The people's voice of reason

Accounting for Crime

This article is the second in a series dealing with counterintuitive thoughts about how we deal with crime. I previously pointed out that the solution to the problem of crime will not result from stronger law enforcement, but from stronger moral formation. Correct moral formation occurs as a result of interaction with the family, the peer group, churches, schools and the entire community. Peer groups play a particularly important role. And now there is TV and social media. A comedian may have captured the thought when he said “We’ve got to come up with a better class of criminals”.

Now we turn to the measurement of success in our efforts to deal with crime. What kind of statistics would show success in decreasing the amount of criminal activity? The measurement of the success of criminal law should reflect on the crimes that are not committed rather than the crimes that are committed. Criminal law is accomplishing its goals when there are no murders, rapes, robberies, deaths, and other crimes. But it is difficult to make a list of undesired events that didn’t happen! It is much easier to talk about and “measure” the success in solving the crimes that do happen than it is to document the fact that they are not happening. It is much easier for those persons in charge of law enforcement to talk and take pride in the cases that are solved than to boast of cases that do not happen. A reported “decrease in the crime rate” is a comparison of the number of crimes that are actually reported during one time period to those reported in another time period. There is always the problem of crimes that don’t get reported, simply because it is not worth the effort.

If I am not mistaken, the Law Enforcement Planning Agency, back in the 1970’s, was a program instigated by the federal government. In some instances it actually made funding available based on the number of cases prosecuted.

Certainly, law enforcement needs all the funding that it can get.

Nevertheless, funding that is based on the number of prosecutions is more likely to lead to a higher rate of incarceration than to a reduced rate of crime. What we need is a program promoting real success- the crimes that do not happen.

The rate of crime and the rate of incarceration are not necessarily drawing on the same statistics. Length of sentence, the likelihood of a crime resulting in incarceration, the criminalization of activities that had not previously been declared crimes, the political pressure on law enforcement, legislatures, and judges to be tough all add to the rate of incarceration. It is not at all clear that the result of any of these factors is an actual decrease in crime. Those factors that affect the rate of incarceration do not address the primary cause of crime: inadequate moral development of the individuals involved.

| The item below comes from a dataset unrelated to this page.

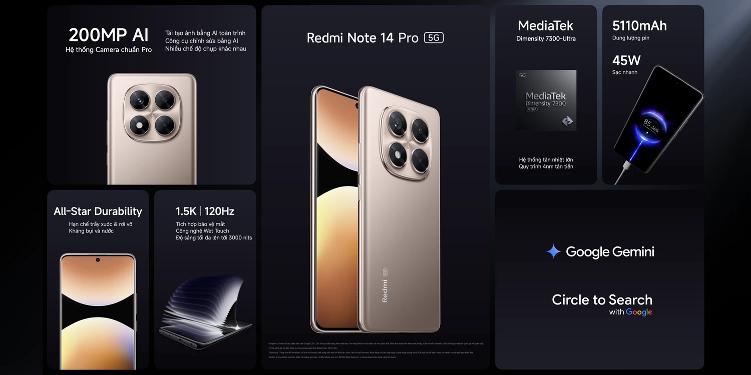 Bên cạnh đó, Redmi Note 14 Series còn tích hợp nhiều công cụ AI hữu ích như Circle to Search, AI Note, AI Recorder, AI Interpreter và AI Subtitles, giúp hỗ trợ tìm kiếm, ghi chú, dịch thuật, ghi âm và tóm tắt nội dung một cách nhanh chóng và chính xác. Đặc biệt, thiết bị sử dụng Google Gemini làm trợ lý ảo mặc định, hỗ trợ cá nhân hóa trải nghiệm và giúp việc tra cứu trở nên đơn giản hơn.

I remember an instance in my courtroom in which a representative from the Center for Disease Control presented testimony. Off the record, I asked whether the Center for Disease Control has a computerized statistics database for measuring health of the nation rather than reporting the number of diseases that occur. Although the answer was not entirely clear, it is clear that CDC sees health, not disease, as its goal. Although it is important to measure the number of diseases that are occurring and to keep statistics, but it is also important to have some method of measuring health as opposed to disease. That is the same statistical challenge that exists for bad social behavior. Moral conduct, rather than crime, must be the goal in dealing with the illness of society.

The approach advocated in this column is consistent with the mainline Christian tradition. The mainline Christian tradition is the promotion of good as opposed to destruction of evil. Ancient Mid-Eastern religions believed that the cosmos is involved in an eternal conflict between good and evil—light and darkness. In the Christian tradition, the focus is always on the light. Darkness is simply the absence of light. All of this is a complex abstract way of saying that the destruction of evil does not produce good. In a word, the Christian message is obey the law of love and do whatever you want to do. “Whatever you want to do” will never be crime.

Complex social issues bear on the tremendous increase in the rate of incarceration over the past forty years. We will continue to explore those issues in future articles.